◆ Exercise details ◆
Leaving the pictures aside, repeat each line below exactly.

◆ Exercise data ◆
%%

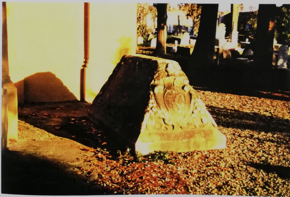
PIETRE TOMBALI POSTE AL LATO CAPPELLA
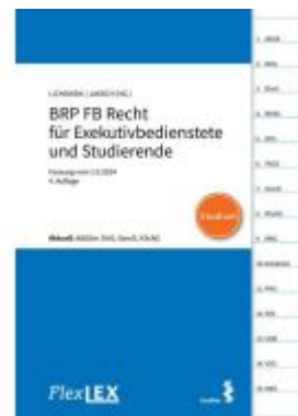
FlexLEX BRP FB Recht für Exekutivbedienstete und Studierende | Studium Ladenpreis: 15,00EUR
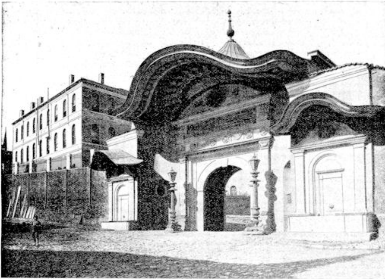
De Verheven Porte; de zetel der Turksche Regeering.
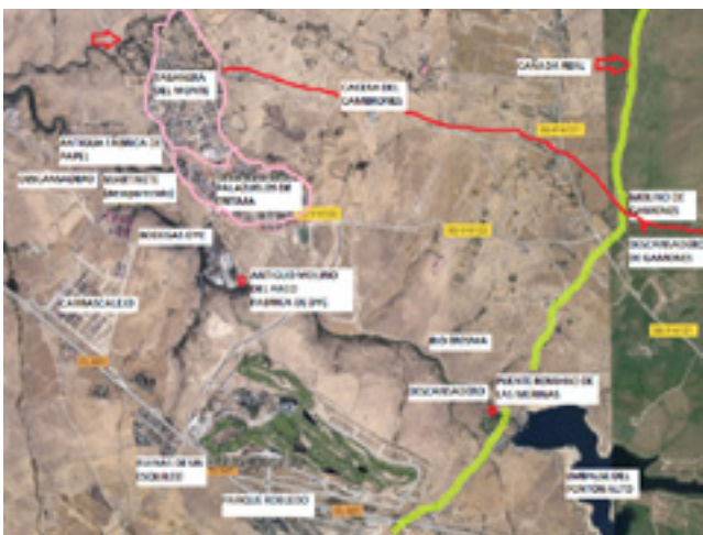
Ilustración 2. Lugares más emblemáticos del municipio.

%%

◆ Output of the task ◆
PIETRE TOMBALI POSTE AL LATO CAPPELLA
FlexLEX BRP FB Recht für Exekutivbedienstete und Studierende | Studium Ladenpreis: 15,00EUR
De Verheven Porte; de zetel der Turksche Regeering.
Ilustración 2. Lugares más emblemáticos del municipio.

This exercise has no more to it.